Apparently, Hudson felt the same way. “Let’s not do this here.”

“Let’s not.” Let’s not do this at all. Let’s go back to where we were three days ago, lost and alone in the mountains. Happy and glowing, as Mira put it.

If there were anything I’d ever wished for more, I didn’t know what it was.

But wishing wouldn’t get us through the next hour. I stood up and paced the room. “Okay. We’ll go in there. We’ll smile. We’ll hold hands. We’ll be happy and glowing. And Mira will never know the lie.”

“Yes,” Hudson said. “Thank you.”

“What if she asks what our problem was?”

“She won’t.”

I wasn’t so sure and the expression I shot him said exactly that.

“If she does ask, let me handle it.”

“Yes, I’ll do that.” The venom I was trying to bite back slipped past my lips. “You are the master manipulator, after all.”

He stared at me with sad eyes. I’d meant to hurt him, and it worked. But he didn’t argue, didn’t defend himself. He wouldn’t even fight with me. Wouldn’t fight for me.

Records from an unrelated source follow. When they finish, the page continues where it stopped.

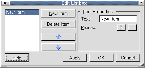 To add an item to the listbox, click the New Item. If you want to change the default name of the item, click the 'Text' line edit in the 'Item Properties' section and type a new name for the item. Click the Select a Pixmap to invoke the Choose an Image Dialog. Click a pixmap and then click the Delete Pixmap button to delete the selected pixmap. To delete an item from the listbox, click the item and then click the Delete button. To move an item up or down in the listbox, click the Move Up or Move Down buttons. Click Apply to accept the changes.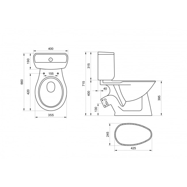 | Межосевое расстояние отверстий крепления бачка, мм | 155 |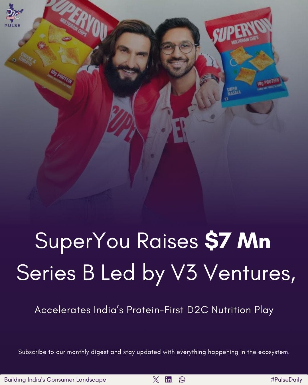 SuperYou, a celebrity-backed D2C protein brand, has secured ₹63 crore ($7 million) in Series B funding. V3 Ventures led the round, with participation from existing investors Rainmatter and Gruhas Collective Consumer Fund. This funding marks a key step for the young brand and shows growing investor confidence in India’s quickly changing D2C wellness and nutrition market.

It’s not the place, I reminded myself. The reminder didn’t change the hollow ache in my chest. I knew his indifference extended beyond the walls of the hospital.

Hudson stood. “Are you ready to go back?” He shoved his hands in his pockets, obviously keeping them from my reach.

Fucking ass**le.

I didn’t let him know how much his simple gesture felt like a knife in the gut. “You think she’ll believe this was long enough?”

“Yes.” He moved to the door and held it open for me. “If we convince her that all is well, then she won’t focus on the timespan in the least. She’ll have no reason to question what we’re selling.” He was so clinical about it. So proficient about the steps of pulling off a scheme.